Também é muito interessante como os relacionamentos são construídos. Sem muito romance, esqueçam isso. É o sentimento de proteção que Amy desperta nos outros. É a forma como as pessoas da colônia vivem depois de tanto tempo que o exercito os deixou lá prometendo voltar. É intenso como mesmo em situações tão desesperadoras e contra toda a probabilidade os personagens mantem a esperança. E vão atrás do que querem mesmo que pareça causa perdida. Não digo que a fé é mantida pois com o passar do tempo a religião não é mais difundida como antes.
“-não precisa ter medo.- não fique repetindo isso.Ele ficou tão pasmo com o modo direto de falar da garota que por um momento não disse nada.- certo. Isso é bom. Fico feliz por você não estar com medo.- não estou com medo – declarou Amy e começou a andar em direção ao Tahoe – Você é que está.”“sei que o que você fez exigiu muita coragem. Não quero que você pense que não notei. Mas não é disso que eu estou falando, na verdade. É fácil ter coragem quando a alternativa é a morte. Difícil é ter esperança. Você enxergou alguma coisa que ninguém mais conseguia ver e correu atrás. Isso é algo que eu jamais poderia fazer. ”“ agora tudo isso acabou. Tudo. E as estrelas. De vez em quando me pego pensando que é disso que eu mais sinto falta, do Tempo de Antes. Da janela do meu quarto dava para olhar por cima dos telhados dos prédios e das casas e ver aqueles pontos de luz no céu, pairando lá como se Deus o tivesse enfeitado para o Natal. Minha mãe me disse o nome de algumas estrelas e mostrou como a gente podia encontrar algumas imagens lá em cima, coisas simples, como colheres, pessoas e animais. Eu costumava pensar que a gente podia olhar para as estrelas e que aquilo era Deus, bem ali. Era como olhar direto no rosto dele. Precisava da escuridão para vê-lo direito. Talvez ele tenha se esquecido de nós, talvez não. talvez nós é que tenhamos esquecido, quando não pudemos mais ver as estrelas. E para dizer a verdade elas são a única coisa que eu gostaria de ver de novo antes de morrer.”“E nesse momento Michael percebeu que o lugar onde guardava o medo estava vazio. Ele, Michael, o Circuito, não estava com medo. O que sentiu era mais parecido com raiva – uma irritação enorme e exausta, como a que alguém sente quando uma mosca fica zumbindo ao redor do seu rosto por um tempo longo demais. Diabos, pensou, guiando as mãos para a bainha do cinto. Estou cansado dessas porras. Talvez haja 40 milhões de vocês, talvez não. mas, nos próximos dois segundos, haverá um a menos”
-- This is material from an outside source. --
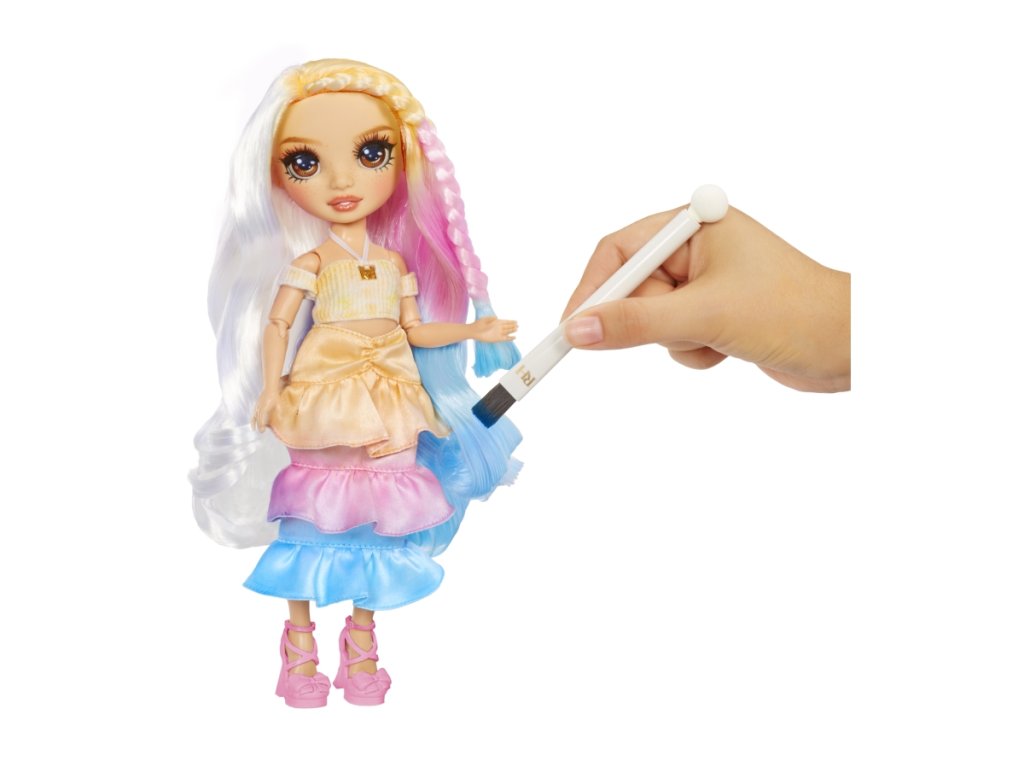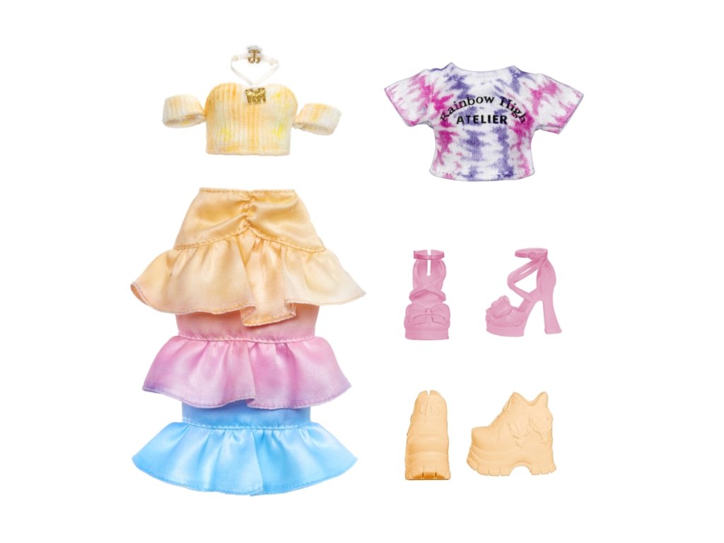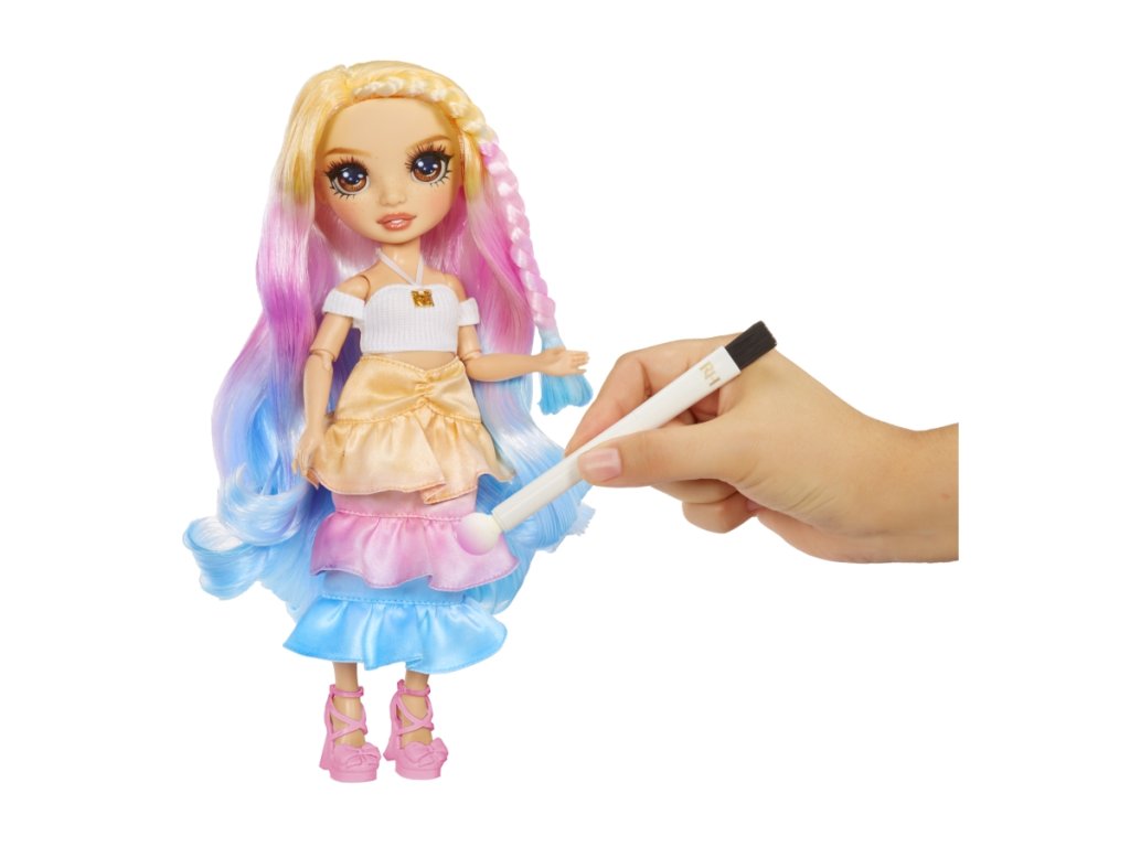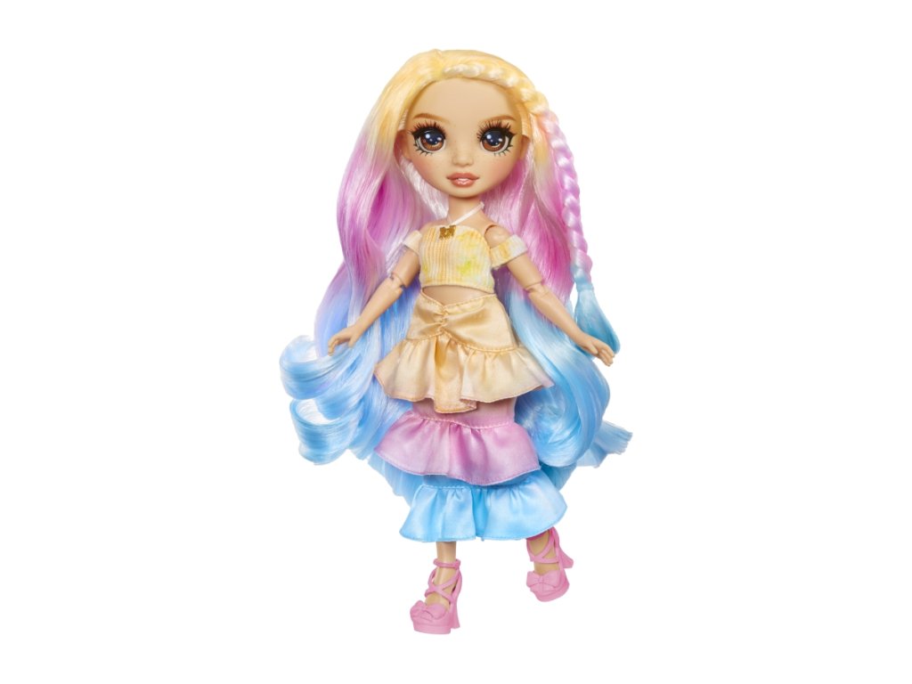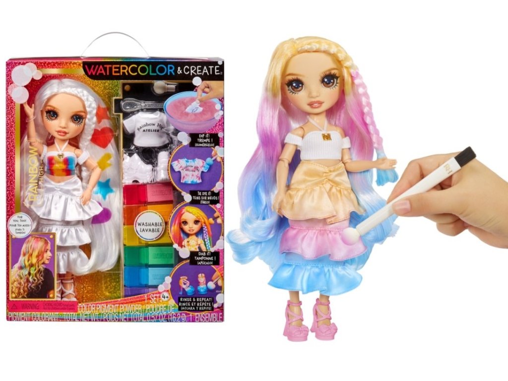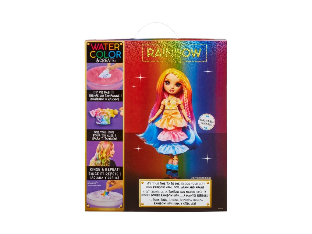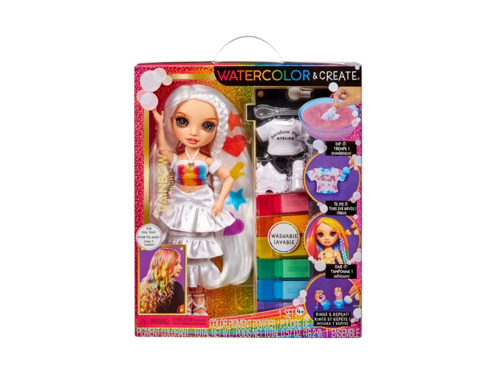 Udělejte si svou vlastní Rainbow High panenku! V balení najdeš panenku s bílými vlasy oblečenou od hlavy k patě do bílé barvy a 6 smývatelných duhových prášků (červený, oranžový, žlutý, zelený, modrý a fialový), gumičky k batikování a aplikační houbičku. Existuje nekonečně mnoho způsobů, jak vybarvit oblečení panenky nebo její vlasy. Po dokončení můžeš panenku opláchnout a vybarvit ji úplně jinak. Prášek nasypeš do vody. Do barevné vody můžeš namočit vlasy a oblečení, nebo houbičku, kterou budeš vytvářet vzory. Pomocí gumiček svaž oblečení a vytvářej různě batikovaný outfit. Obsah balení: panenka s pohyblivými klouby, bílý outfit, barevnách prášků a další doplňky k barvení oblečení a vlasů. Věk 4+

Eu poderia passar horas aqui destrinchando cada pequena característica do livro, mas isso obviamente estragaria o prazer de vocês descobrirem por si só e acho até que já falei demais. Se alguém já leu, sinta-se a vontade para tecer seus próprios comentários e criticas.
“Todos aqueles anos esperando o exercito e, no final das contas, o exercito somos nós.”